Figure 3. VGLUT3 KO mice show a profound, selective defect in the mechanical hypersensitivity produced by inflammation, nerve injury and trauma

a, VGLUT3 KO mice and WT littermates were injected with carrageenan in the hindpaw. Tested 24 hours later, both genotypes show a significant increase in sensitivity to radiant heat, but only WT mice show a significant decrease in mechanical threshold. (n≥10 mice) b, In the spared nerve injury model of neuropathic pain, WT mice exhibit a significant decrease in mechanical threshold (52%) three days after sciatic nerve section, but KO animals exhibit only a modest reduction (18%). (n≥9 for both genotypes) *p<0.05, **p<0.01, ***p<0.001 by one-way ANOVA with Tukey’s HSD post-hoc analysis for a and b. c, In WT mice, an incision made in the plantar hindpaw produces a robust decrease in mechanical threshold, but KO mice show only a mild reduction for up to 5 days. Response to radiant heat does not differ between genotypes at all times tested (n=6). d, In WT mice, capsaicin injection into the ankle produces a profound decrease in mechanical threshold measured in the hindpaw at 15, 30 and 60 minutes post-injection, whereas KO mice show only a modest decrease (n=7). ***p<0.001, one-way ANOVA with Newman-Keuls post-hoc analysis for c and d. Error bars indicate SEM.

Figure 4. VGLUT3 expression in DRG uniquely identifies C-LTMRs

a, An EGFP⁺ cell is stained by Alexa 555 from an intracellular microelectrode (red) while recording from an ex vivo somatosensory preparation. b, Electrical stimulation of the dorsal cutaneous nerve evokes a high amplitude, overshooting action potential.
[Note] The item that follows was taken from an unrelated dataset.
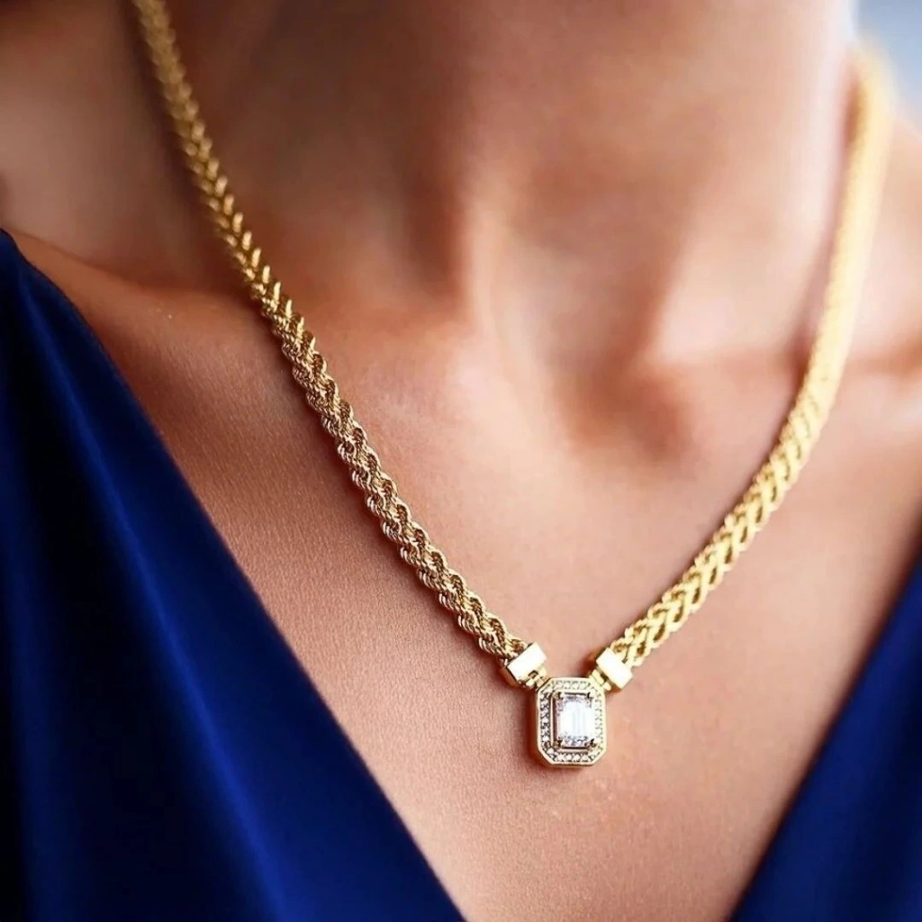 - Baget Taş Detayı: Baget taşlarla bezeli tasarım, kolyeye modern ve sofistike bir hava katmaktadır.

The first derivative (lower trace) reveals an inflected falling phase (arrow) typical for C-fiber spikes. c, Application of a 0.07 mN von Frey filament to the skin receptive field (duration indicated by bar) elicits a burst of spikes. d, Response to 25 mN force applied with a feedback-controlled stimulator (lower trace) shows adaptation in the continued presence of the force (middle trace). Upper trace shows the instantaneous frequency of spikes. e, Peak discharge rate of individual EGFP⁺ neurons (black lines) to increasing force (5–200 mN) shows a small increase with stronger stimuli (p<0.01 for 5–25 mN versus 200 mN by ANOVA with Bonferroni post hoc correction, n=5–9); red bars indicate mean ± SD. f, Temperature ramps performed with a Peltier device (middle trace) evoke firing in an EGFP⁺ neuron (lower trace) on cooling (left) but not heating (right), Upper trace (left) shows the instantaneous firing rate. g, Low power photomicrograph of central terminals arborizing in lamina IIi; dotted lines indicate the substantia gelatinosa (SG). h, Photomicrograph of different section at higher power shows arborization extending into lamina III (open arrows). i, Camera lucida reconstruction of arborization across four serial 50 μm sections, showing additional input to lamina I (arrow); the ventral border of SG is indicated by a dotted line, and the border between gray and white matter by a solid line. j, Staining of a DRG section for IB4 (blue, middle) shows that the Neurobiotin-labeled cell (red, left) is IB4-negative. Scale bars: 20 μm (a, h, j); 100 μm (g, i). Physiological calibration: 20 mV and 5 msec (b), 200 msec (c).